Health Care Reform Update
58The Patient’s Bill of Rights
What is the "Patients Bill Of Rights" and why was it created?
The US spends more money per person on Health Care than any other country and ranks a paltry 33 in terms of overall Health of the people, among developed countries. In the USA, 62% of personal bankruptcies are due to Medical costs. To give a comparison, this simply does not exist in other developed countries. This is not to say there are not isolated cases but overall, being sick does not lead to bankruptcy, most countries simply do not have this problem due to the nature of their Government run plans.
March 23, 2010 The Affordable Care Act was signed into law. This piece of legislation is better known as "Health Care Reform" to most Americans. An important piece of consumer protections go into effect this September and the full bill will be fully implemented in 2014. There are some great pieces of this bill to be excited about and I want to focus on what is being called the “Patient’s Bill of Rights” and explain what it means to the average person.
Before talking about the ““Patient’s Bill of Rights,” I think it is appropriate to address the debate over HC Reform in a very general way. I’m not here to restart the debate; however, I feel it appropriate to let the those for and opposed to HC Reform be heard. The main opposition to HC Reform seems to be the individual mandate. This means that all people are required to have healthcare. To accommodate those of low incomes who cannot afford, the Government provides subsidies and in some cases, free healthcare. The argument from those opposed is that the individual mandate violates the basic Constitutional rights of Americans and that the coverage for low income individuals is another ‘entitlement plan.’ Both arguments are reasonable and it really depends whether you believe that Health Care is a right or a privilege.
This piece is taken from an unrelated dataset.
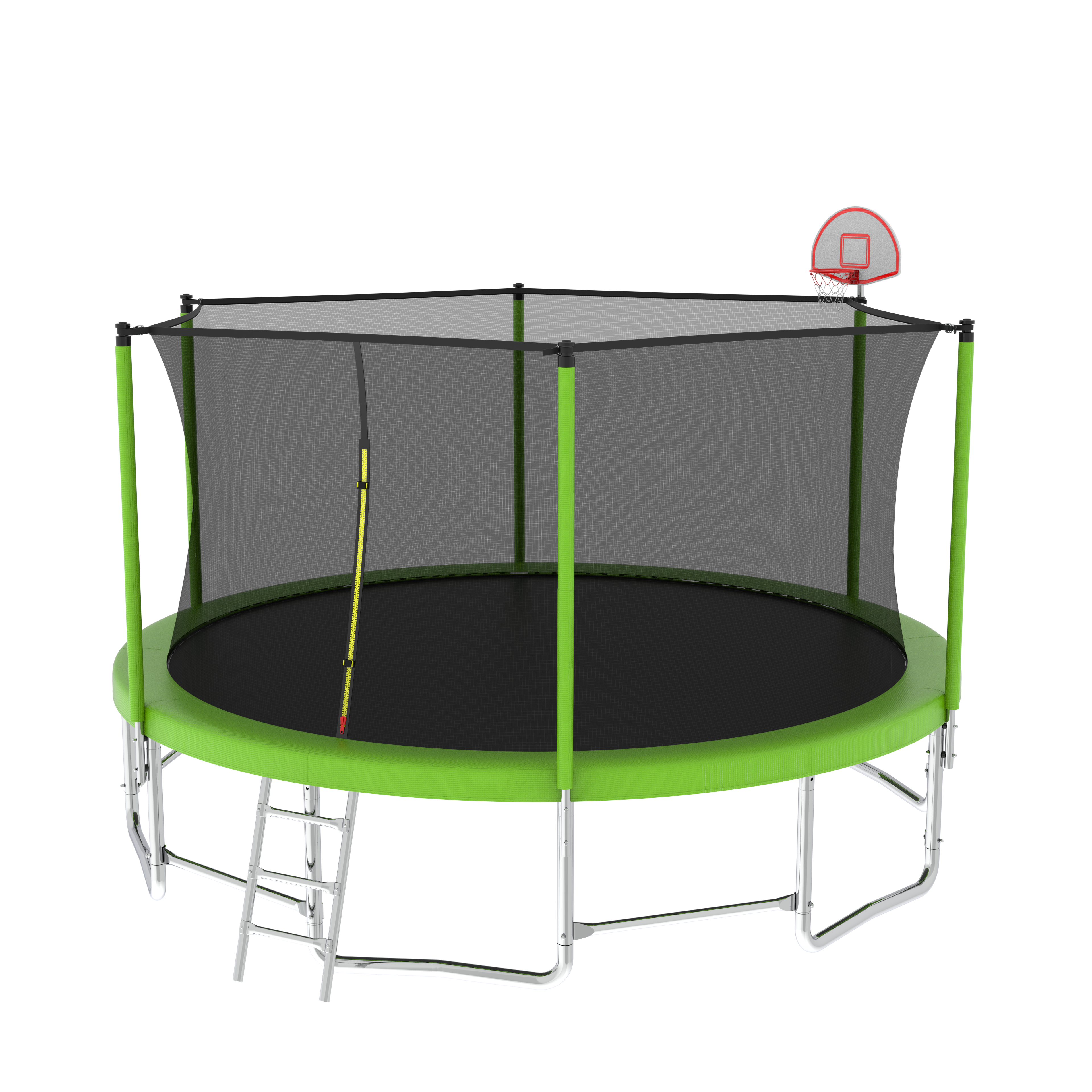 - Solid Structure-6 foam padded poles to support UV-proof safety trampoline enclosure net for maximum safety while jumping. Heavy duty 3-step galvanized steel ladder offers convenient maneuverability in and out of the trampoline.

Here is something that I know both sides of the political spectrum agree on, The Patients Bill of Rights. Throughout our history, we have seen abuses and a lack of consumer protection in the Health Care industry. Here are the top 4 new rules under the Patients Bill of Rights:
1. Allow you to designate any participating Doctor as your primary Care provider. For women, you will be able to see an OB-GYN without needing a referral to do so. A big myth during the HC Reform debate was that you might lose your doctor. This is simply not true and the Patients Bill of Rights guarantees that you keep the Doctor you chose.
2. Insurance companies can not cancel your policy if you get sick. Believe it or not, many companies found ways to cancel your policy legally once you became ill. This practice has been banned along with denying coverage for ‘pre-existing’ conditions. By the way, if you get cancer, Acne has been used as a ‘pre-existing condition’ to deny people coverage. Starting in late September, insurance companies will be banned from denying children coverage under ‘pre-existing conditions’ and all Americans will receive this protection once the bill goes into full affect in 2014
3. Lifetime limits are removed. Right now, 100 Million Americans have a “cap” on the amount they can receive if they get sick. For example, if your insurance cap is $500,000 but you end up with medical treatment that costs 2,000,000, you are on the hook for 1.5 Million dollars. Once HC Reform goes into affect, this will no longer be the case. You can tell your insurance company to take that “cap” and shove it up BP’s well hole!
4. I love this one. The new reform prevents insurance companies for charging you more for going ‘out of network.’ You can now get emergency care in a hospital or see another Doctor outside of your network and not pay higher fees, deductibles, co-pays, etc.
As I mentioned, some of these new rules will apply in late September of this year. Remember, the entire HC reform bill is not phased in until 2014. I think this ‘bill of rights’ is a great win for the American People and something both sides of the political spectrum can applaud.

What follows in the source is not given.